The employee responded to an ad placed by Advanced Contractors and Remodelers (ACR) which was looking, in part, for workers for siding work. ACR uses both employees and independent contractors, using contractors to fill in as needed based on work volume. ACR paid employees hourly with taxes and benefits withheld. They paid subcontractors hourly also, but at a higher rate, based on biweekly invoices prepared by the subcontractor. The employee testified that he followed ACR’s subcontractor procedures. ACR did not withhold any taxes from the employee’s earnings. His 2015 tax returns showed a 1099 listing “ACR non-employee comp” and a Sole Proprietorship business filing.

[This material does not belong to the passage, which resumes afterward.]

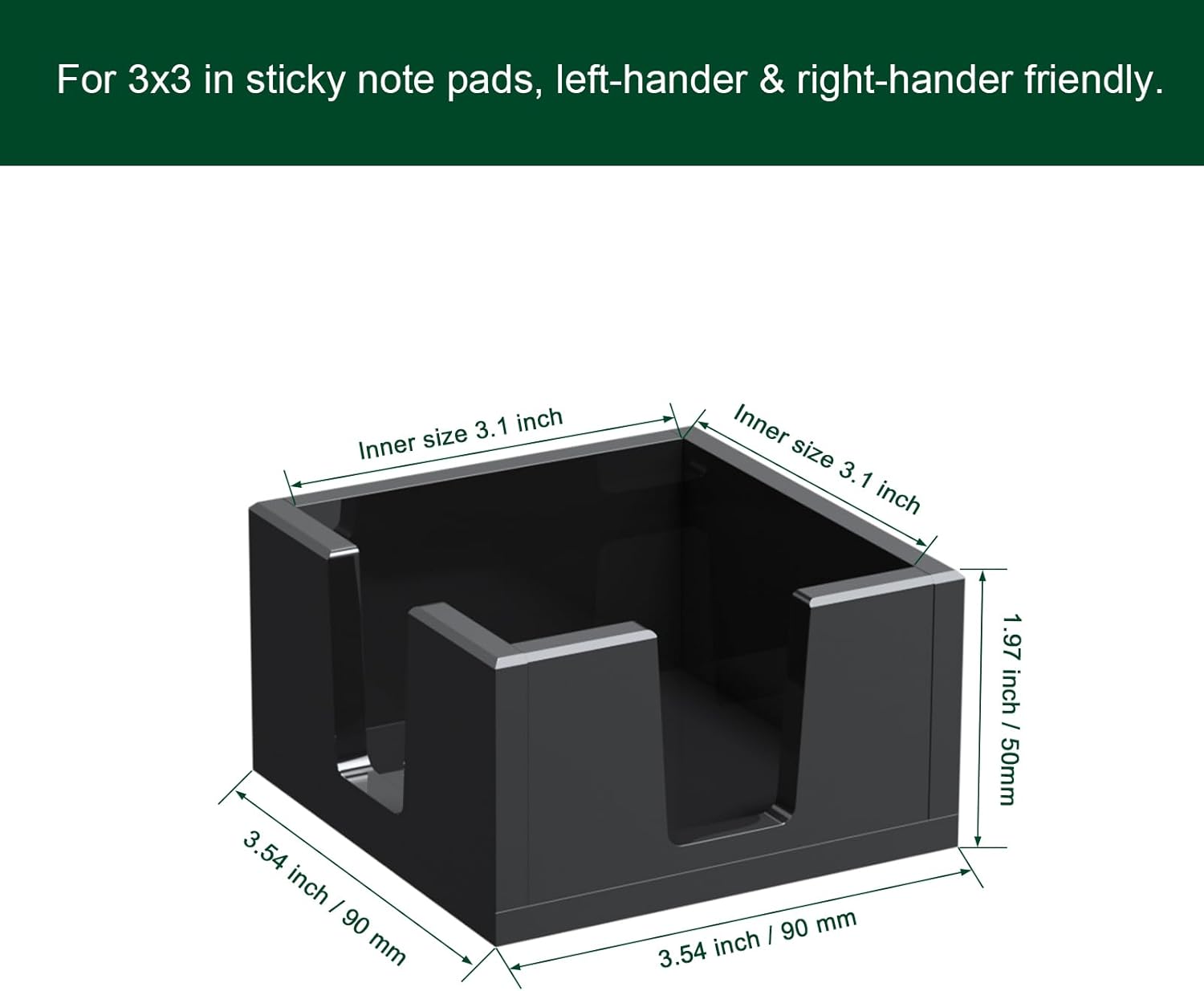 - Self-Stick Note Pad Holder: with square-shaped design and inside dimensions of L*W*H, it's wide enough to hold all kinds of 3-by-3-inch pad of paper, such as post notes, colorful sticky notes, cube paper or pads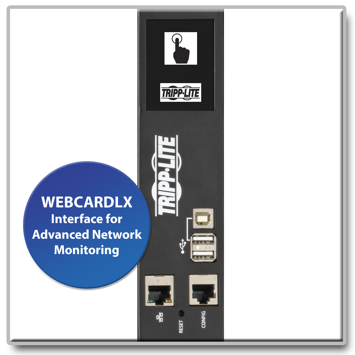 Featuring a built-in, Java-free, HTML5-based LX Platform interface (the mobile-friendly PowerAlert ® Device Manager), the PDU3EVSR6G60A provides complete remote access for power monitoring and email notifications via a secure network or Web browser. Automated alerts help prevent accidental overloads, power loss and downtime. When used with an optional EnviroSense2 environmental sensor (sold separately), it can also perform temperature/humidity and dry contact monitoring, providing IT personnel with enhanced oversight of facility power and environmental conditions. As an added bonus, up to three EnviroSense2 modules can be daisy-chained together. The PDU3EVSR6G60A supports 10/100 Mbps auto-sensing for optimum communication with an Ethernet network. Automated alerts can be configured to warn against potential overload, power loss and downtime. Protocols supported include IPv4, IPv6, HTTP, HTTPS, SMTP, SNMPv1, SNMPv2, SNMPv3, telnet, SSH, FTP, DHCP and NTP. DHCP/Manual configuration support provides the ability to have network settings automatically assigned or manually assigned via a permanent IP address

On September 30, 2015, the employee broke both of his legs after scaffolding, erected by an ACR employee, collapsed. He reported his claim to the ACR work comp insurer, but his claim was denied on the basis that he was not an employee, and he did not contest the denial.
In February of 2016, he filed a claim in district court against ACR for negligence as a result of the ACR employee assembling the scaffolding that collapsed. In his compliant, he alleged he was an independent contractor of ACR when he was injured. He settled that claim before trial.
In October of 2017 he then sued the insurance agent alleging negligence in failing to provide workers’ compensation insurance coverage that would cover the employee personally. Again, in his complaint he alleged he was an independent contractor for ACR when he was injured. That claim also settled before trial.
In September of 2018 the employee finally brought a workers’’ compensation action against ACR and its insurer. His claim was denied at a hearing on the basis that he was not an employee of ACR at the time of his injury. The employee appealed.
On appeal, the WCCA affirmed that the employee was not an employee of ACR at the time of his injury and was instead a self-employed independent contractor ineligible for benefits. The WCCA cited the employee’s own actions such as submitting his own invoices for work to be paid, no taxes or other deductions taken from his paychecks, claiming he was an independent contractor in his district court filings, and filing tax returns claiming self-employment.
They also found no liability under Minn. Stat. 176.215 subd. 1 because the employee isn’t an “employee of a subcontractor” but is the subcontractor who failed to comply with the Statute.
The WCCA also affirmed that the employee’s claim was denied under the election of remedies provision of Minn. Stat. 176.061 subd. 1 – he chose to pursue a negligence action against ACR and in doing so, elected his remedy and is barred from pursing a workers’ compensation claim against ACR.